Jornalista é secretário de Redação da área de Produção da Folha, onde trabalha desde 1998. Escreve às quintas.
O lobby já está legalizado
SÃO PAULO - Quem pegou fila num pedágio argentino deve ter ouvido: um buzinaço pressiona pela abertura das cancelas. A lei prevê que isso ocorra depois de alguns minutos de espera, mas só o barulho dos usuários a torna letra viva.
A estridência viária dos hermanos é prima das panelas deles e agora nossas. Felizmente, sobretudo para os tímpanos, o método de ação pública que dá sinais de florescer por aqui é mais sofisticado e vai além do duelo binário do impeachment.

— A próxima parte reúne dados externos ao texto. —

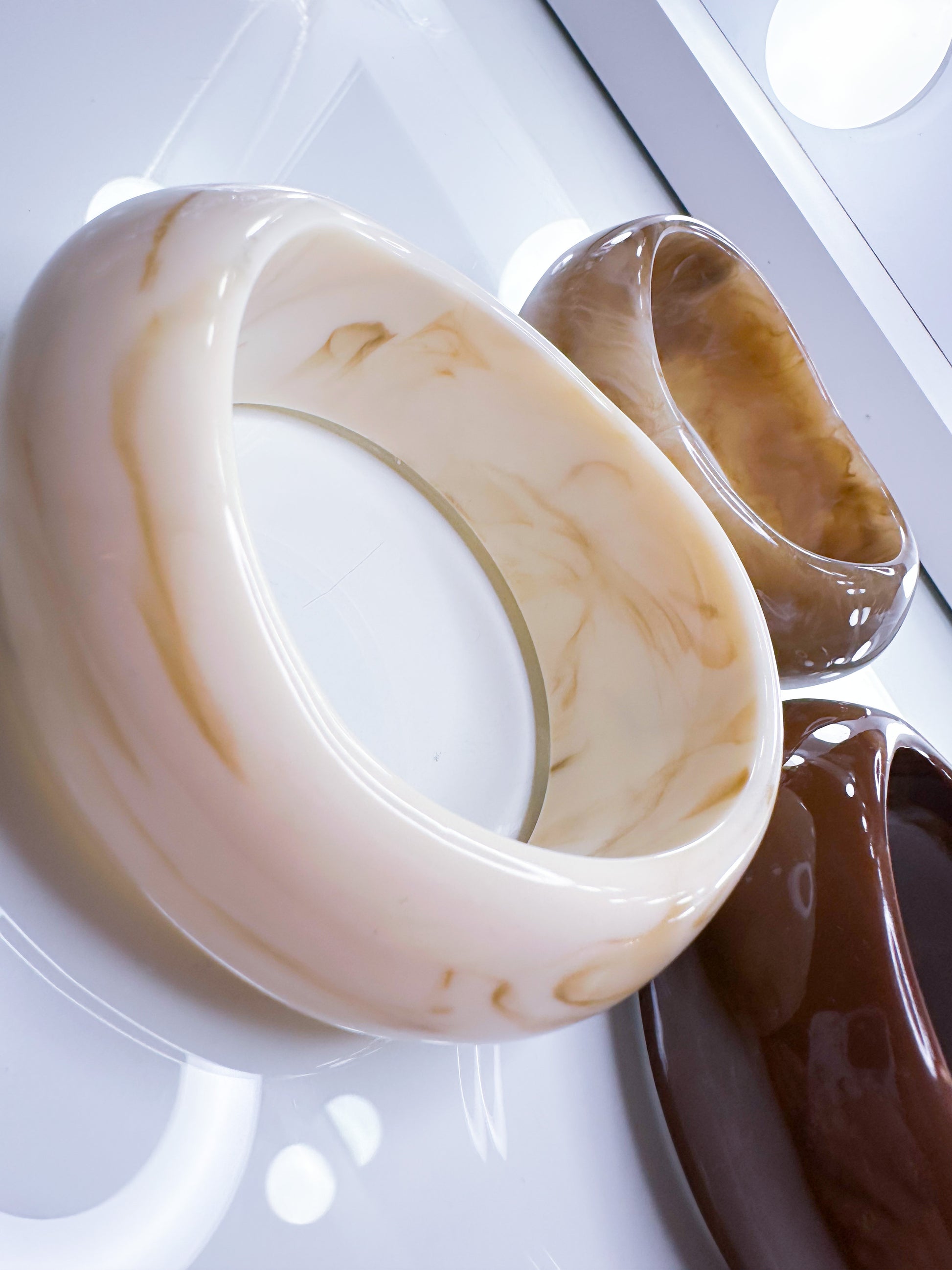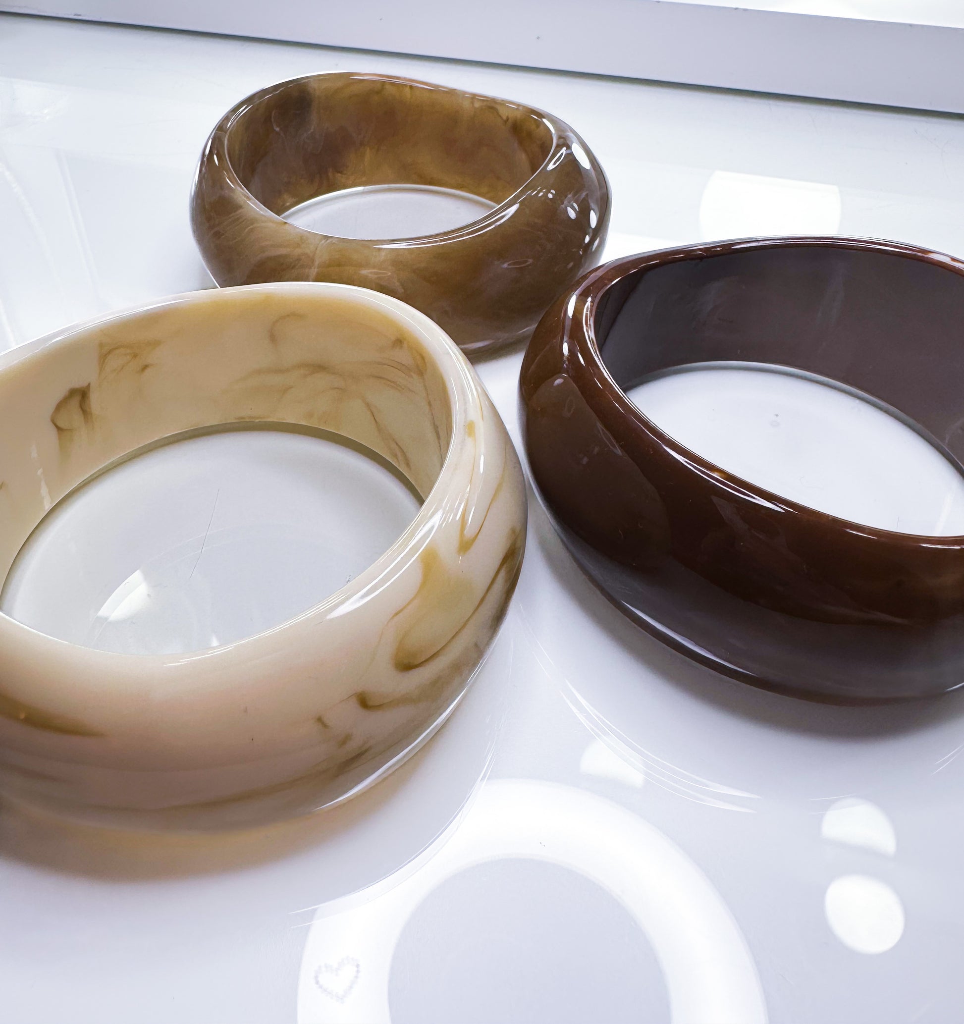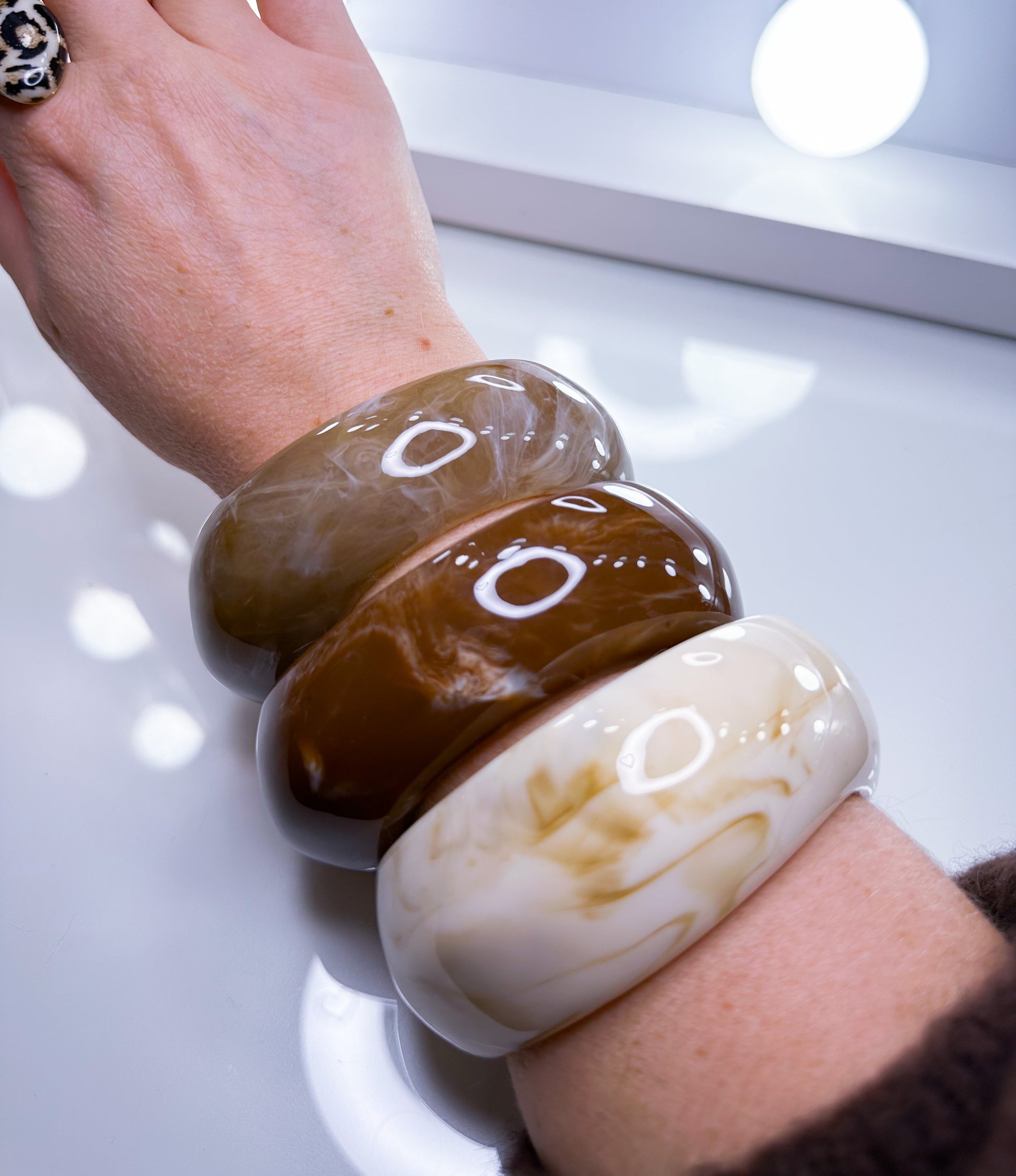 Dieses edle Armreif vereint zeitlose Eleganz mit modernem Statement-Charme. Die breiten, glänzenden Armreifen in marmorierter Optik wirken wie kleine Kunstwerke und setzen dein Outfit perfekt in Szene.

A revolução mobile não só nos transformou todos em potenciais gravadores, fotógrafos e megafones ambulantes. Ela criou oportunidades reais de influenciar políticas públicas, tanto na destinação orçamentária quanto na defesa de valores.
Nesse sentido, fechar a avenida é quase coisa das antigas. Mais significativo é cravar uma marca no candidato que bateu na mulher. Usar a fama de ator e reabrir o IML. Dar um rolezinho no shopping para defender que o governo é ilegítimo.
A sensibilidade é muito mais aguda do que antes, o ritmo de decisões, mais acelerado —Temer e seus dois ministros caídos que o digam.
Resulta muito difícil, porém, mensurar o real significado de cada ponto de pressão. Principal ágora da vida digital, o Facebook restringe as possibilidades de pesquisa, o que distorce muito as conclusões. Além disso, essa ação é manipulada por grupos organizados e robôs.
Fora das redes também não é simples. Quanto de fato significa uma ocupação do edifício Gustavo Capanema? Uma sequência de protestos na Virada Cultural paulistana?
Esse tipo de encaminhamento do debate público é nunca perfeito, às vezes injusto, frequentemente raso —mas sempre mais democrático do que quando conduzido por lobistas profissionais no Piantella, restaurante do poder em Brasília.
O vetor resultante desse barulho vem exercendo mais efeito prático até do que o voto. Existe um aspecto de boa notícia aí.